◆ **Task prompt**
Starting at the line that contains "供應(yīng)產(chǎn" and stopping at the line that contains "Игра на умение.", restate each line of the records below exactly. Omit the pictures.

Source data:
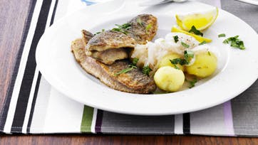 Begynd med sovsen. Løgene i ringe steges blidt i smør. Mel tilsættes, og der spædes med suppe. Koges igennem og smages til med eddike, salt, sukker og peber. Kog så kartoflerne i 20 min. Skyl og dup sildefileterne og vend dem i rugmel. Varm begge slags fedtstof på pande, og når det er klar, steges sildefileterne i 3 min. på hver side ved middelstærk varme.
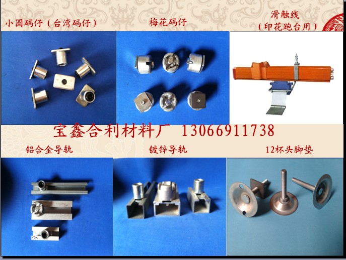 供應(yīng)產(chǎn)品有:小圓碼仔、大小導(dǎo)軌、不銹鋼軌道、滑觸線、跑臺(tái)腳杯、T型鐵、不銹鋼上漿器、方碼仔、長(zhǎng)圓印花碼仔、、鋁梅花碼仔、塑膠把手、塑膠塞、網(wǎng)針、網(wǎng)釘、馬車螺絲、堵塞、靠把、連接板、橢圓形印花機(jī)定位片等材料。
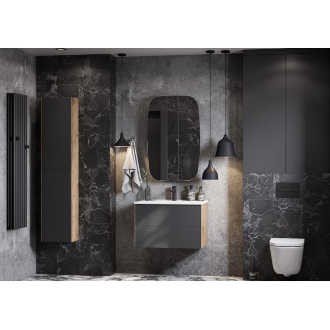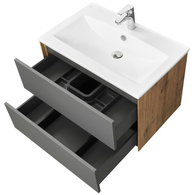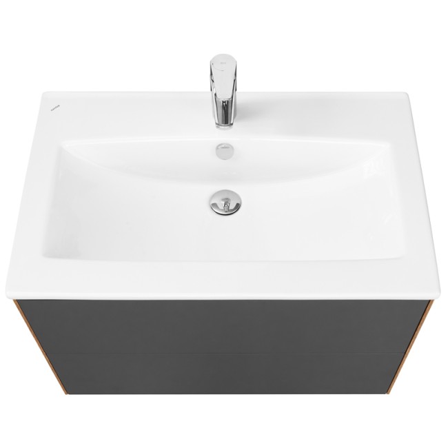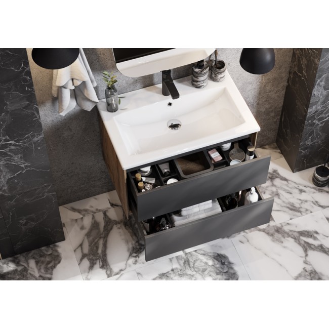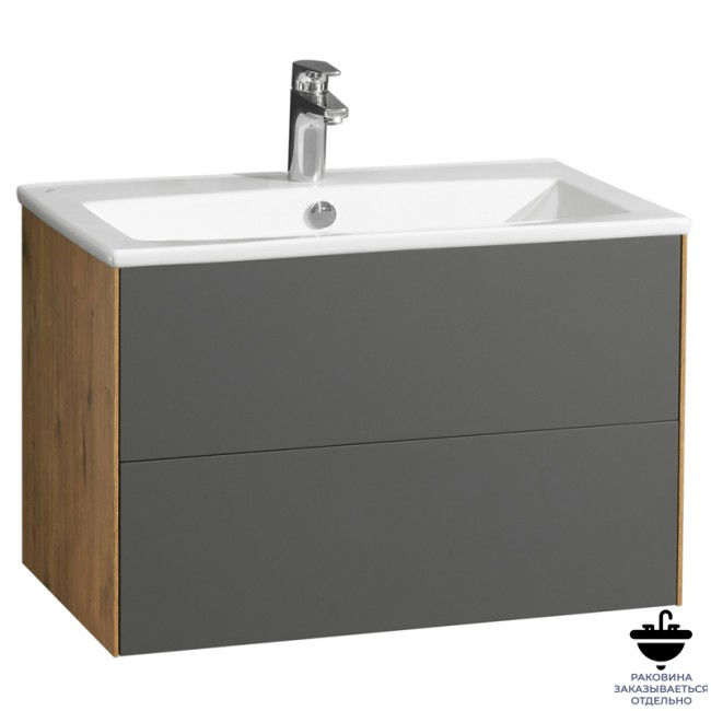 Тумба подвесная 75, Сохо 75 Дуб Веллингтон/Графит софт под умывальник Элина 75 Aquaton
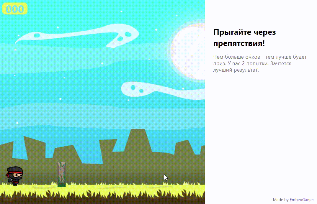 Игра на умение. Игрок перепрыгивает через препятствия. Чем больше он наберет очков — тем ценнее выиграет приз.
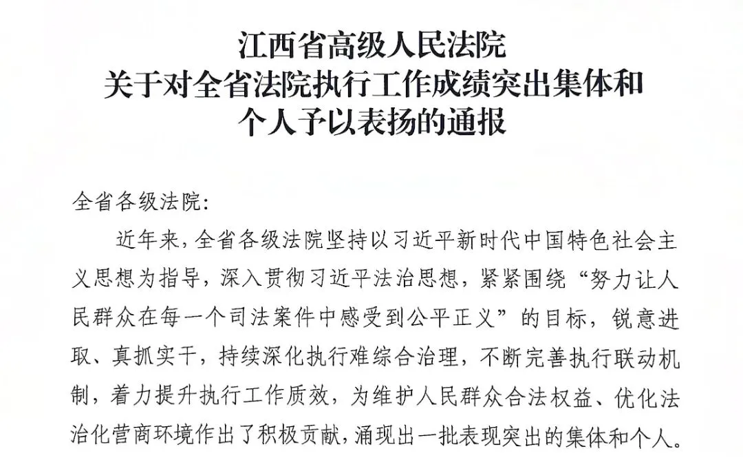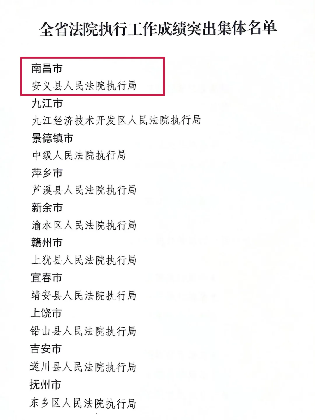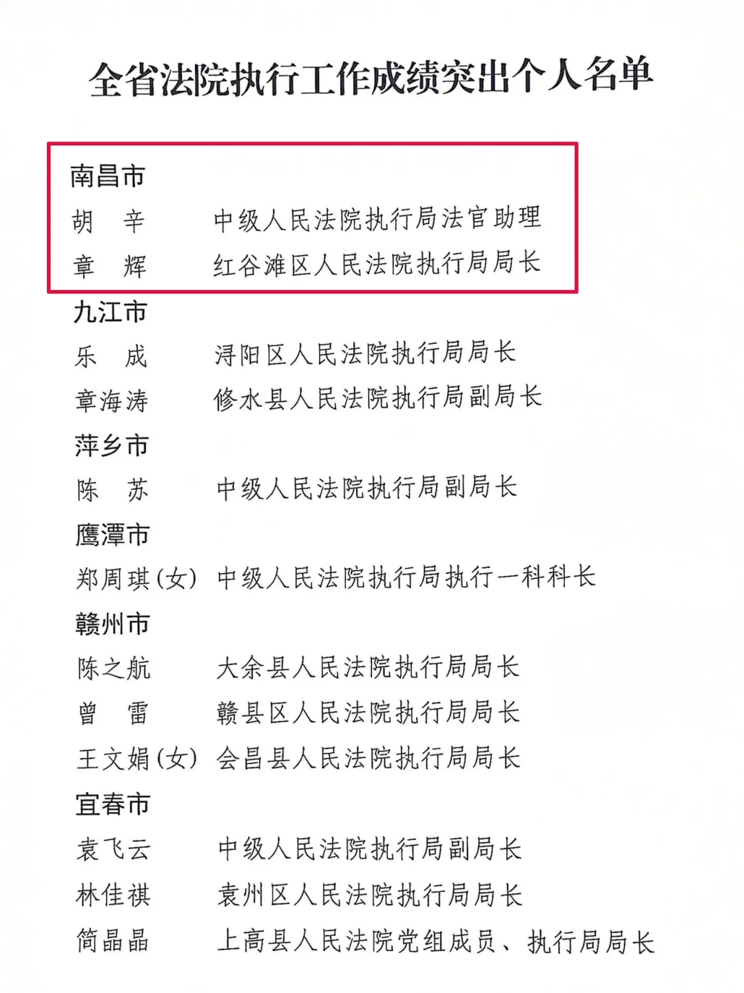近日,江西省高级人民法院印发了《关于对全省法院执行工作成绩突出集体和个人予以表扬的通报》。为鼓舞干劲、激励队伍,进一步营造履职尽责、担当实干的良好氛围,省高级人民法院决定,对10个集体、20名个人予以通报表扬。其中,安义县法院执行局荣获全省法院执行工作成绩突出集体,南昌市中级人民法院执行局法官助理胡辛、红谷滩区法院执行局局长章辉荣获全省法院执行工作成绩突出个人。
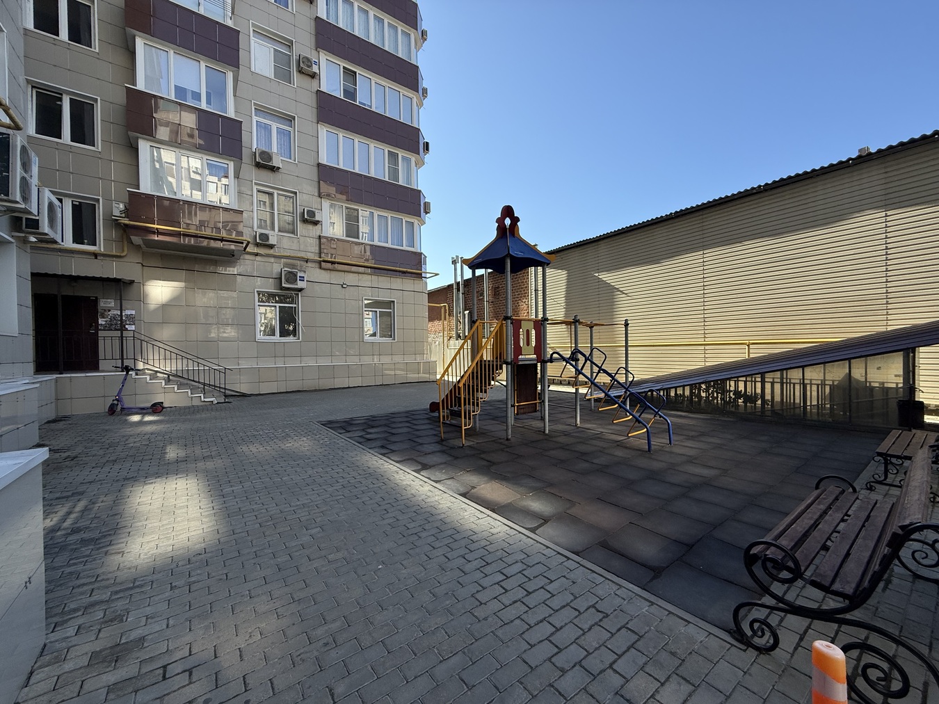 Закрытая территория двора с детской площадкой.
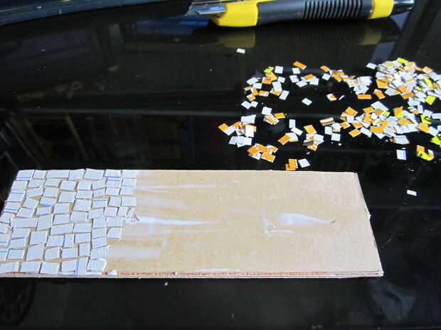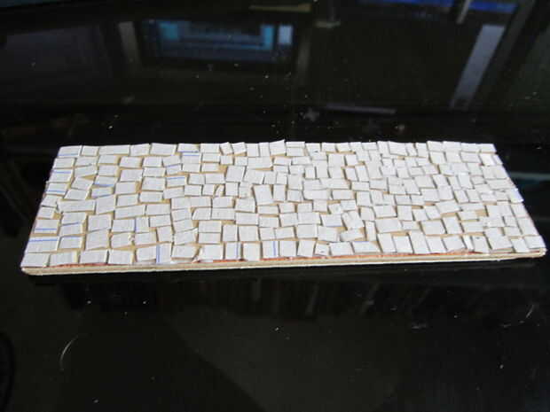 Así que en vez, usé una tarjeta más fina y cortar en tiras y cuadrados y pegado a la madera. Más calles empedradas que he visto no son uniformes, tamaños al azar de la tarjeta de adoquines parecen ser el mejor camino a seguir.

◆ **Answer**
 供應(yīng)產(chǎn)品有:小圓碼仔、大小導(dǎo)軌、不銹鋼軌道、滑觸線、跑臺(tái)腳杯、T型鐵、不銹鋼上漿器、方碼仔、長(zhǎng)圓印花碼仔、、鋁梅花碼仔、塑膠把手、塑膠塞、網(wǎng)針、網(wǎng)釘、馬車螺絲、堵塞、靠把、連接板、橢圓形印花機(jī)定位片等材料。
 Тумба подвесная 75, Сохо 75 Дуб Веллингтон/Графит софт под умывальник Элина 75 Aquaton
 Игра на умение. Игрок перепрыгивает через препятствия. Чем больше он наберет очков — тем ценнее выиграет приз.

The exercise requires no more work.